# Material for this exercise

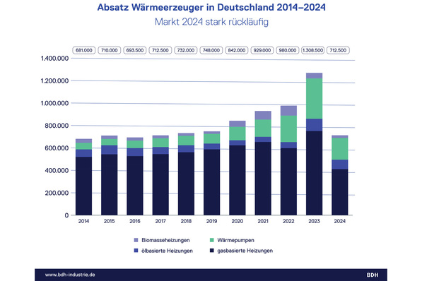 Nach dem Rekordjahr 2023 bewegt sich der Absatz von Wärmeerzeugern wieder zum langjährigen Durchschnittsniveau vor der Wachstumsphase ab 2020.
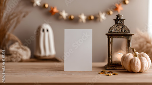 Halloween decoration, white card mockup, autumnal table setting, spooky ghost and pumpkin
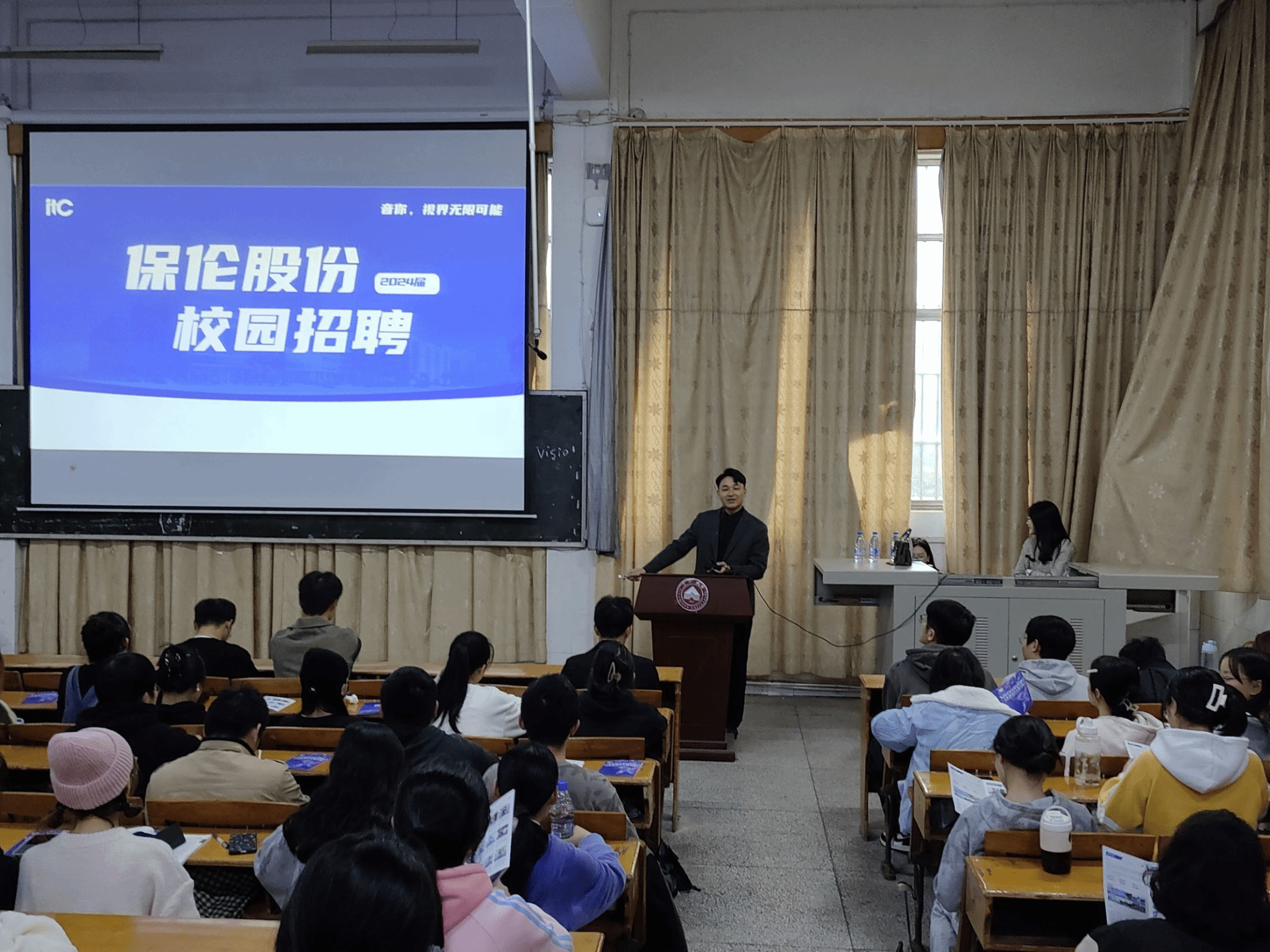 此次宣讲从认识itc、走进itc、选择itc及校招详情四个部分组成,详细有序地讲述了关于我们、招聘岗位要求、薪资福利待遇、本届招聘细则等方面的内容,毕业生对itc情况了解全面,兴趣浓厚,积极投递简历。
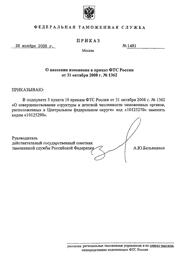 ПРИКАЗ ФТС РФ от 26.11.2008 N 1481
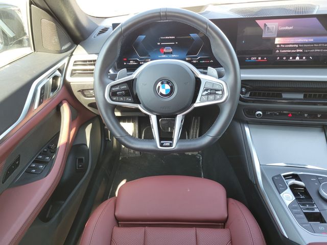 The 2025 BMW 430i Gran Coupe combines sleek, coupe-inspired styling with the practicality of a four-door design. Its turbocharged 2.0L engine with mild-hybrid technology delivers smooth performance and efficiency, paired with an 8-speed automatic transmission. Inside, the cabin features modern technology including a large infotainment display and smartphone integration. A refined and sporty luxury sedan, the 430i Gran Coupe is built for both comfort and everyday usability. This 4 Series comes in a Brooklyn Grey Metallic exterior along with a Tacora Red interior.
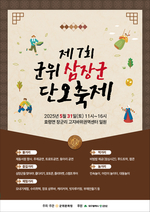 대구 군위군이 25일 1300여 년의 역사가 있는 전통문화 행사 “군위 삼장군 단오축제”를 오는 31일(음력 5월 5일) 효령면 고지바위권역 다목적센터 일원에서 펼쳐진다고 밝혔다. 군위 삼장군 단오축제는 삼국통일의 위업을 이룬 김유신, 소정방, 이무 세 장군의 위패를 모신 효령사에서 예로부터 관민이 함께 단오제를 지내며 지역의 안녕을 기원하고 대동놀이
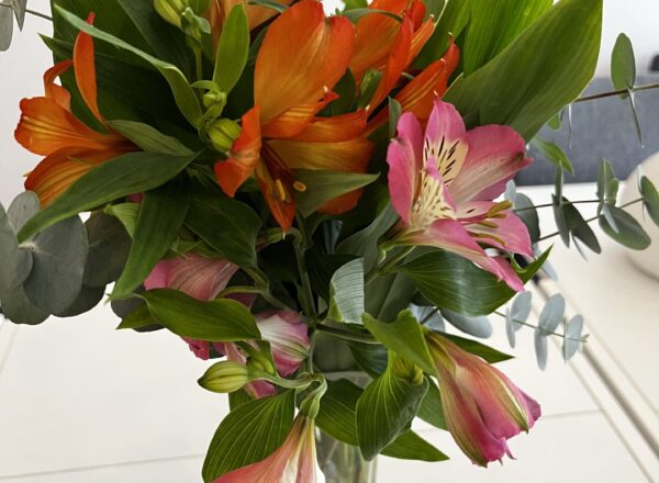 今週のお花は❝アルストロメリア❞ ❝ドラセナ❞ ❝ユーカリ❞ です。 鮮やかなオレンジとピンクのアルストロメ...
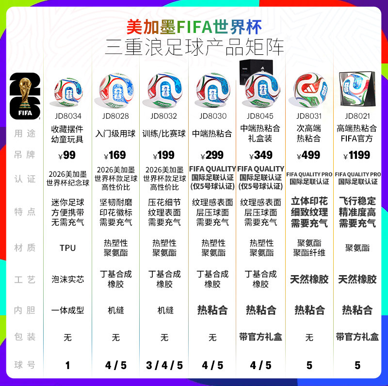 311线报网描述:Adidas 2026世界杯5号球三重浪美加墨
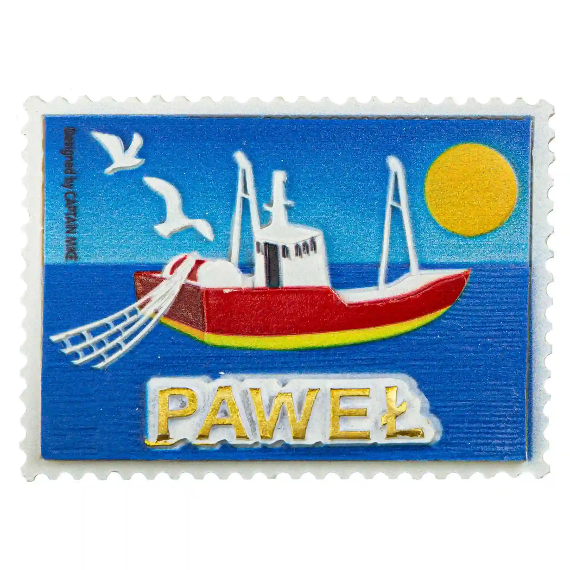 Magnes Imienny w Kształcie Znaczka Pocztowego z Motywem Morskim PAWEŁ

# Description of the task
The records above should be repeated exactly, with every picture omitted.

# Exercise answer
 Nach dem Rekordjahr 2023 bewegt sich der Absatz von Wärmeerzeugern wieder zum langjährigen Durchschnittsniveau vor der Wachstumsphase ab 2020.
 Halloween decoration, white card mockup, autumnal table setting, spooky ghost and pumpkin
 此次宣讲从认识itc、走进itc、选择itc及校招详情四个部分组成,详细有序地讲述了关于我们、招聘岗位要求、薪资福利待遇、本届招聘细则等方面的内容,毕业生对itc情况了解全面,兴趣浓厚,积极投递简历。
 ПРИКАЗ ФТС РФ от 26.11.2008 N 1481
 The 2025 BMW 430i Gran Coupe combines sleek, coupe-inspired styling with the practicality of a four-door design. Its turbocharged 2.0L engine with mild-hybrid technology delivers smooth performance and efficiency, paired with an 8-speed automatic transmission. Inside, the cabin features modern technology including a large infotainment display and smartphone integration. A refined and sporty luxury sedan, the 430i Gran Coupe is built for both comfort and everyday usability. This 4 Series comes in a Brooklyn Grey Metallic exterior along with a Tacora Red interior.
 대구 군위군이 25일 1300여 년의 역사가 있는 전통문화 행사 “군위 삼장군 단오축제”를 오는 31일(음력 5월 5일) 효령면 고지바위권역 다목적센터 일원에서 펼쳐진다고 밝혔다. 군위 삼장군 단오축제는 삼국통일의 위업을 이룬 김유신, 소정방, 이무 세 장군의 위패를 모신 효령사에서 예로부터 관민이 함께 단오제를 지내며 지역의 안녕을 기원하고 대동놀이
 今週のお花は❝アルストロメリア❞ ❝ドラセナ❞ ❝ユーカリ❞ です。 鮮やかなオレンジとピンクのアルストロメ...
 311线报网描述:Adidas 2026世界杯5号球三重浪美加墨
 Magnes Imienny w Kształcie Znaczka Pocztowego z Motywem Morskim PAWEŁ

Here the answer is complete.